A local baker near us tried their hand at sourdough a few years ago. However they used the same basic dough formula they use for a standard farmhouse loaf, adding some sugar to the mix, which bread yeast fully metabolises. Unfortunately their sourdough just came out slightly sweet as a result so it seemed that the sourdough yeast couldn't do anything useful with the sugar.
 
Just reading the Wikipedia articles on beer vs bread yeasts. Apparently "baker's yeast" is S. cerevisiae (Saccharomyces cerevisiae), the same basic type as a top-fermenting ale yeast, and historically bakers got their yeast from brewers. However that yeast type isn't generally present in a sourdough culture ("Investigations of wheat sourdough found that S. cerevisiae died off after two refreshment cycles") when S. Exiguous usually takes over.

It seems that S. Exiguous is "maltose-negative", whatever that means, although by coincidence here's someone's research paper about fermenting an alcohol-free beer using a "maltose negative" yeast. According to the research paper the maltose negative yeast is used "due to its complete or partial inability to convert maltose and maltotriose into ethanol".

So it's just possible that using a normal "Type I" sourdough culture could result in an alcohol free beer, with some lonely lactobacillus floating around looking for something to eat.
 
I had a sourdough starter that contained only yeast: it mostly smelled like bananas. It was made of rye flour. It's only since a couple of months that I finally have a sourdough starter with lactobacillus, it smells fruity. Other evidence that my first sourdough starter really was yeast, was that the beer fermented with it, absolutely did not have any sour tones. It just tasted as good beer.
 
I had a sourdough starter that contained only yeast: it mostly smelled like bananas. It was made of rye flour. It's only since a couple of months that I finally have a sourdough starter with lactobacillus, it smells fruity. Other evidence that my first sourdough starter really was yeast, was that the beer fermented with it, absolutely did not have any sour tones. It just tasted as good beer.

Which seems to fit in with the article saying that the original S. cerevisiae tends to die off after a while once the culture becomes acidic.

My sourdough culture is now 8 years old, and most weeks I make 2 loaves of bread with it, refreshing the culture at the same time.

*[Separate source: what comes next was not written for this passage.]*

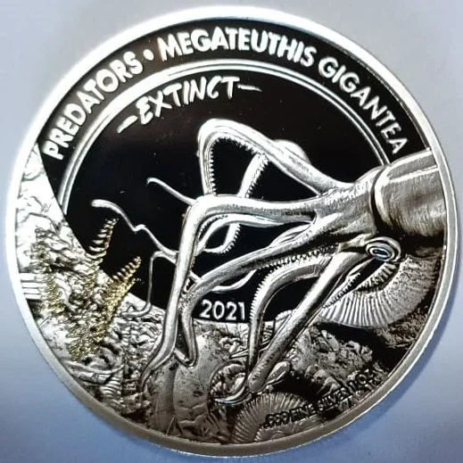 Close-up of a Megatheutis Gigantea, with the series name, coin name, and issue year above it, and the fineness and weight below.

I think that a fruity smell only tends to come out if the culture is left a long time without a refresh, when the lactobacillus starts to dominate the yeast (which has fermented to completion) and there's a watery layer of lactic byproducts on the surface. With a refresh once or twice a week the culture smells sweet, and not fruity at all.

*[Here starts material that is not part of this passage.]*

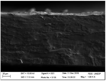![]() Figura 6. Micrografia de fratura obtida por MEV do filme de pectina e polpa de cacau. A micrografia possui magnitude de 1000 X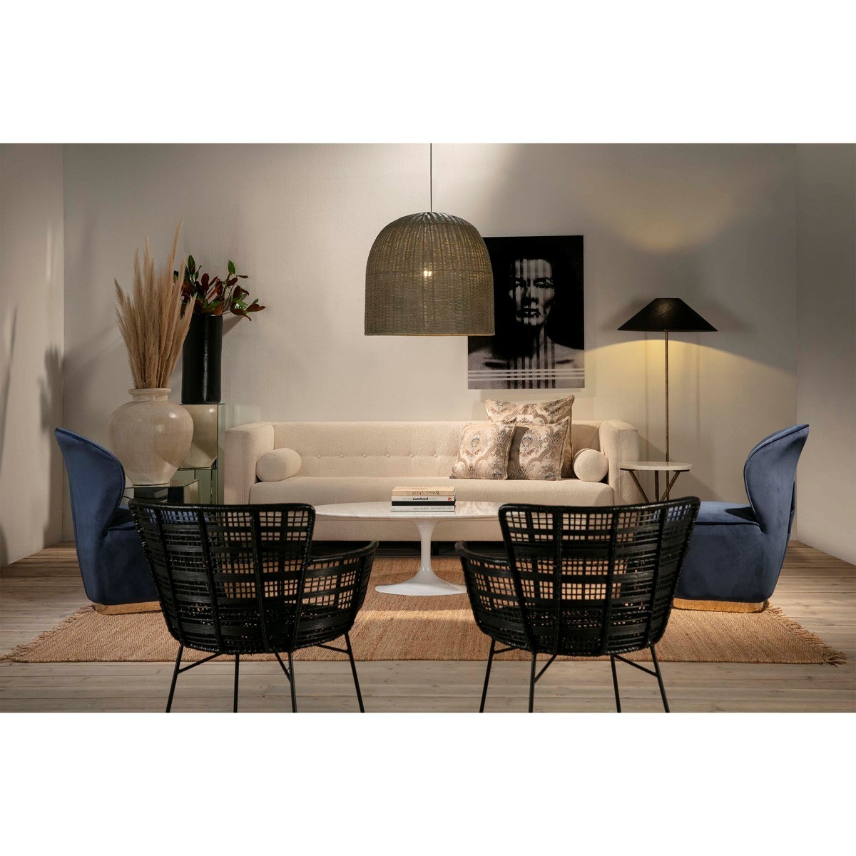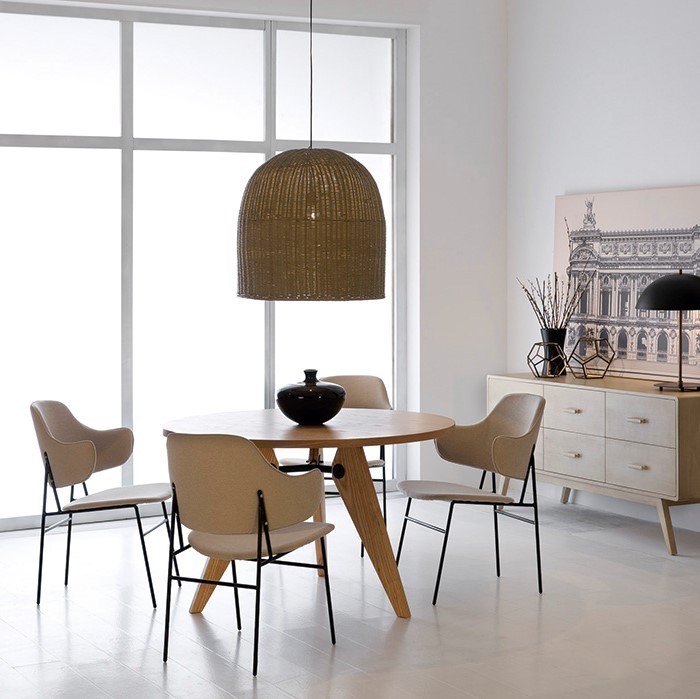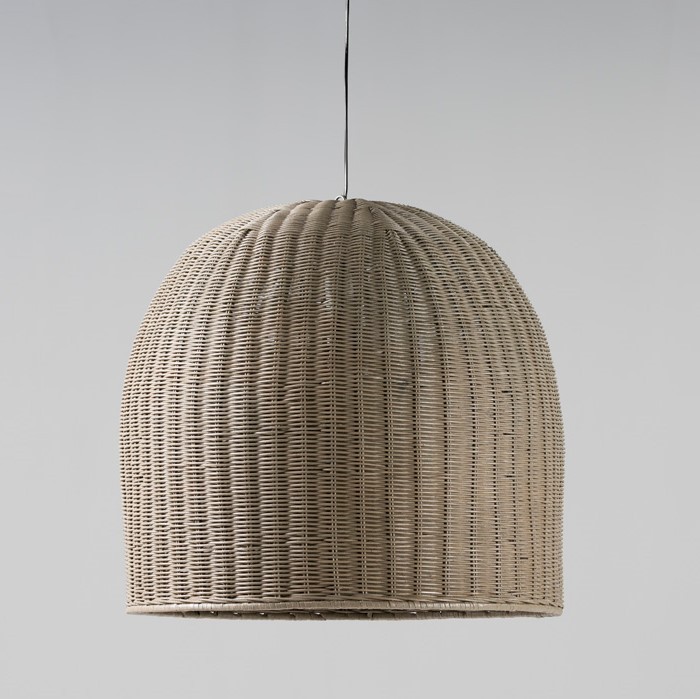 Lámpara colgante de techo en mimbre natural tejido. Disponible en blanco, natural y gris.

The first time I attempted a sourdough starter I followed the instructions in some artisan bread cookery book, which claimed that you'd have a viable starter after 3 days, even if it didn't look like it was very active. Load of rubbish. The first loaf I made came out smelling of stuff you clean out from under your toenails, and hadn't risen at all.

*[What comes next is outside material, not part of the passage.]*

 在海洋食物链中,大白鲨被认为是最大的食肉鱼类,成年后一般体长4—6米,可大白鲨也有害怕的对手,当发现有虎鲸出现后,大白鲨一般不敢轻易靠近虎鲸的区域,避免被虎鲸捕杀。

The instructions here (http://www.thefreshloaf.com/node/233/wild-yeast-sourdough-starter) worked very well for me. I started with some locally grown wheat grain, ground into a rough flour, on the basis that you want to encourage whatever yeasts are present where you live, which will vary from area to area.
 
I have made sourdough starters from different kinds of milled grains. The one that smelled foulest was one where I had also used oats. Others made from wheat flour and rye flour were mostly more pleasant. But yes, seems the best thing is to build a first starter at least one week so that the good organisms have time to grow and replace the more smelly types.
 
It’s good to hear so many other people are making proper bread. I just use rye flour for my starter as I heard it was more stable.